I agree that people do want to be creative, and I don't think that people are going to let Gen AI supplant that for them. However, the lower-end of the creative markets doing the low-end high-volume work-- think folks shotgunning out template-based logos on Fiverr-- are the ones that have already been displaced in large numbers, and there are far more of them. While they generally don't have the right skillset to do the higher-end work, their seeing that as the only viable career move is majorly fucking up companies' ability to find workers and vice versa, and for employers that don't know any better, they think the market is saturated which is bringing down wages.
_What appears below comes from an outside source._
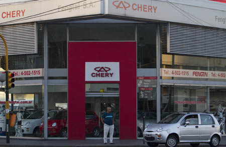 日前,在阿根廷首都布宜諾斯艾利斯,奇瑞索馬克汽車公司的一家門店正在營業(yè)。由于阿根廷政府加強(qiáng)對進(jìn)口產(chǎn)品的限制,由中國、阿根廷和烏拉圭三方合資的奇瑞索馬克公司在烏拉圭生產(chǎn)的奇瑞汽車向阿根廷出口受阻,影響了奇瑞汽車在阿根廷市場的銷售。

Also, clueless executives just don't realize that having a neural network generate a "80% right" version of your work in a flat PNG file will take more effort to mold into shape for higher-end work than starting from scratch, so they've been making big cuts. A coworker on a contract also works in an animation house that fired their entire concept art department and replaced them with prompt monkeys making half as much money-- the problem was that standard art director changes-- e.g. I want this same exact image and garment, just make those lapels look a little fuller and softer but with sharper angles at the end, and change the piping on that jacket from green to purple-- might have been half an afternoon for a professional concept artist but would be DAYS of work to get art-director right using neural network tools... if for no other reason that the prompt writers just don't have the traditional visual art sophistication to even realize when they've got an appropriate solution, because learning that is a lot harder than learning to draw, and you learn that when you learn how to draw. So all the time they saved on the initial illustration was totally sucked up by art directors not being able to iterate even a tenth as quickly as they used to, and fast iteration was the major selling point for Gen AI to begin with. It simply does not do the task if you absolutely require specificity, and having a raster non-layered png that looks like it already went through post is a beast to edit, even for a skilled post-prod person. Well, three months later, they canned the prompt engineers and were begging their concept artists to come back and work for them again. What a waste of everything.
Why do I even bother torturing myself in forums like this by giving a real-world creative industry counterpoint to the tech crowd perspective, despite many of the most vocal ones being smug, patronizing, and self-aggrandizing? Maybe one executive out there will read this stuff and say "Hmm... maybe I should actually talk to people that work in this field that I trust to see if it's really beneficial to replace our [insert creative department] rather than relying on software execs and their marketing people say is feasible."
You can make the guidance as superficial or detailed as you like. Input detailed descriptions, use real images as reference, you can spend a minute or a day on it. If you prompt "cute dog" you should expect generic outputs. If you write half a screen with detailed instructions, you can expect it to be mostly your contribution. It's the old "you're holding it wrong" problem.
BTW, try to input an image in chatGPT or Claude and ask for a description, you will be amazed how detailed it can get.